Seitdem ich ein Jugendlicher bin (vielleicht auch schon eher, aber daran kann ich mich bewusst erinnern), bin ich von einem konstanten äußerlichen und internen Geräuschpegel umgeben. Irgendwelche Musik lief bei mir immer im Hintergrund. Hausaufgaben gingen selbstverständlich mit Beschallung, lernen ab und zu auch. Einfach nur Stille wurde teilweise richtig beklemmend. Und wenn dann mal nichts lief, dann spielte das nächste Lied in meinem Kopf.
Ab meiner Studienzeit hat sich der Fokus dann etwas verschoben. Ich hab weniger Musik gehört. Das heißt aber nicht, dass ich deshalb mehr Ruhe gehabt hätte. Ich habe Lieder durch youtube-Videos und Podcasts ersetzt. Und wenn man nichts anhören konnte, dann habe ich gelesen. Viele Bücher, aber auch alle möglichen Internetartikel. Über viele Jahre hinweg war für mich Produktivität gleichbedeutend mit entweder etwas Interessantes konsumieren oder tun. Der Gedanke einfach nur ruhig dazusitzen und nichts zu tun, war mir echt fremd. Damit wird mir auch immer mehr klar, warum es mir über Jahre hinweg so schwer fiel, länger als 10 oder 15 Minuten am Stück zu beten. Es fühlte sich einfach so unglaublich unproduktiv an.

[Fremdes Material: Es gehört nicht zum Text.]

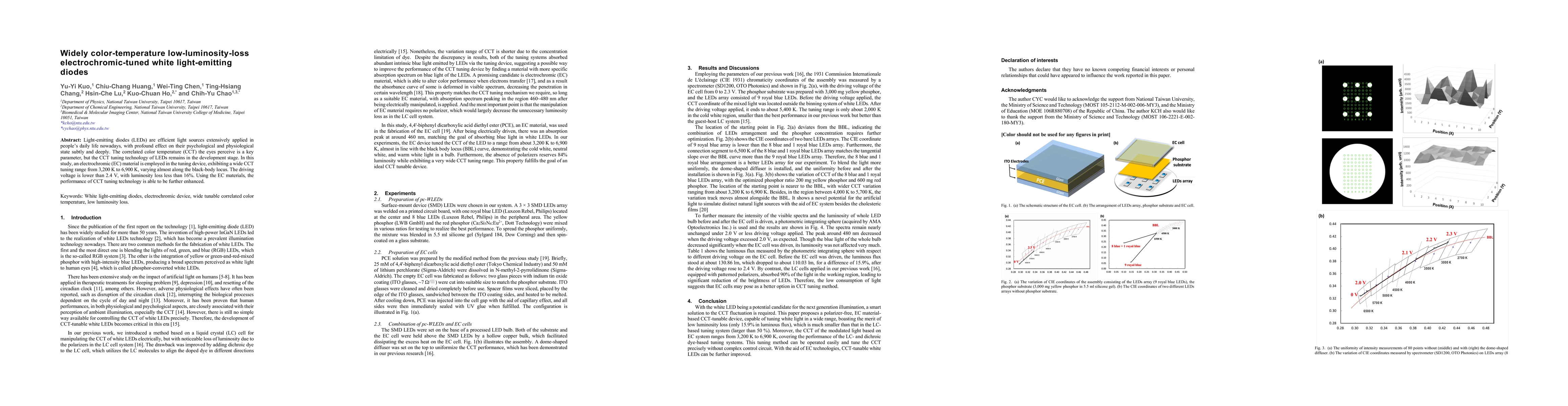 Light-emitting diodes (LEDs) are efficient light sources extensively applied in people's daily life nowadays, with profound effect on their psychological and physiological state subtly and deeply. The correlated color temperature (CCT) the eyes perceive is a key parameter, but the CCT tuning technology of LEDs remains in the development stage. In this study, an electrochromic (EC) material is employed in the tuning device, exhibiting a wide CCT tuning range from 3,200 K to 6,900 K, varying almost along the black-body locus. The driving voltage is lower than 2.4 V, with luminosity loss less than 16%. Using the EC materials, the performance of CCT tuning technology is able to be further enhanced.

Vor einigen Wochen berichtete ich von dem Buch The Ruthless Elimination of Hurry und seinem augenöffnenden Effekt auf mich. Und damit der Aha-Effekt nicht gleich wieder verfliegt, will ich mich noch etwas ausführlicher mit den vorgeschlagenen Praktiken zum „entstressten“ Leben befassen. Deshalb schreibe ich heute über die erste „Übung“: Stille und Einsamkeit.

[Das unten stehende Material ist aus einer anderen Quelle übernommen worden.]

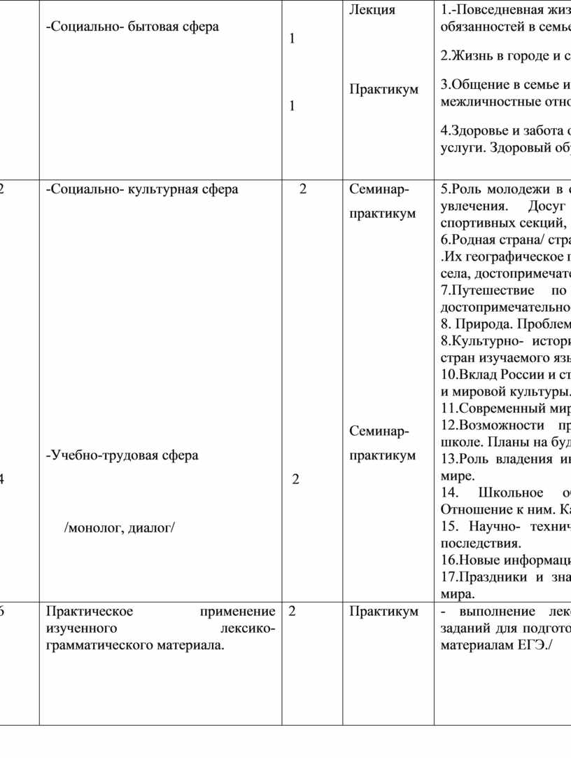 1.-Повседневная жизнь и быт, распределение домашних обязанностей в семье. Покупки. 2.Жизнь в городе и селе. Проблемы города и села. 3.Общение в семье и школе, семейные традиции, межличностные отношения с друзьями и знакомыми. 4.Здоровье и забота о нем. Самочувствие, медицинские услуги. Здоровый образ жизни. |

Warum Lärm ein Problem für Christen darstellt

Warum sollte man sich überhaupt mit Stille und der Einsamkeit beschäftigen? Ich habe mir bisher kaum darüber Gedanken gemacht. „Stille und Einsamkeit“ klang so nach Einsiedler, Mönch im Kloster und kontemplative Mystiker. Und aufgrund meiner Prägung neige ich dazu (wahrscheinlich oftmals zu schnell), die Augenbrauen hochzuziehen und das Ganze abzutun. Diese Menschen haben jedoch einen Aspekt des christlichen Glaubens begriffen, den ich nie so richtig ernst genommen habe: Der Glaube und die Beziehung zu Gott wachsen nicht in einer Umgebung der Ablenkung und des Lärms.

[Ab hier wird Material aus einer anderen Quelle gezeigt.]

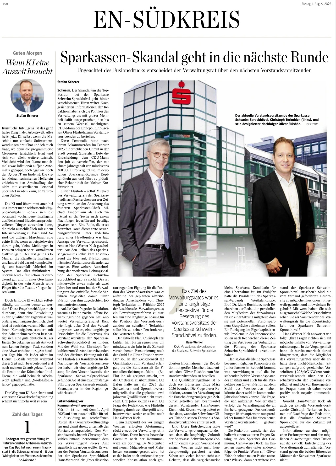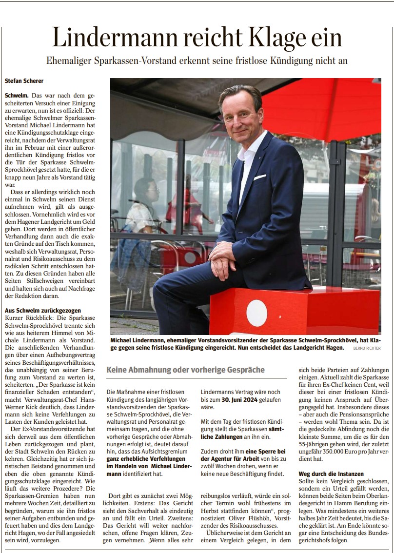 Sparkasse Schwelm: Vorstand muss ein

Andrew Sullivan, der kein Christ ist, schreibt von einem interessanten Zusammenhang zwischen der zunehmenden Säkularisierung und zunehmenden Geschäftigkeit unserer Gesellschaft:

Der Grund, warum wir in einer zunehmend glaubenslosen Kultur leben, ist nicht, dass die Wissenschaft irgendwie das nicht Beweisbare widerlegt hat, sondern weil das Grundrauschen des Säkularismus genau die Stille entfernt hat, die der Glaube braucht, um zu überdauern und wiederbelebt zu werden.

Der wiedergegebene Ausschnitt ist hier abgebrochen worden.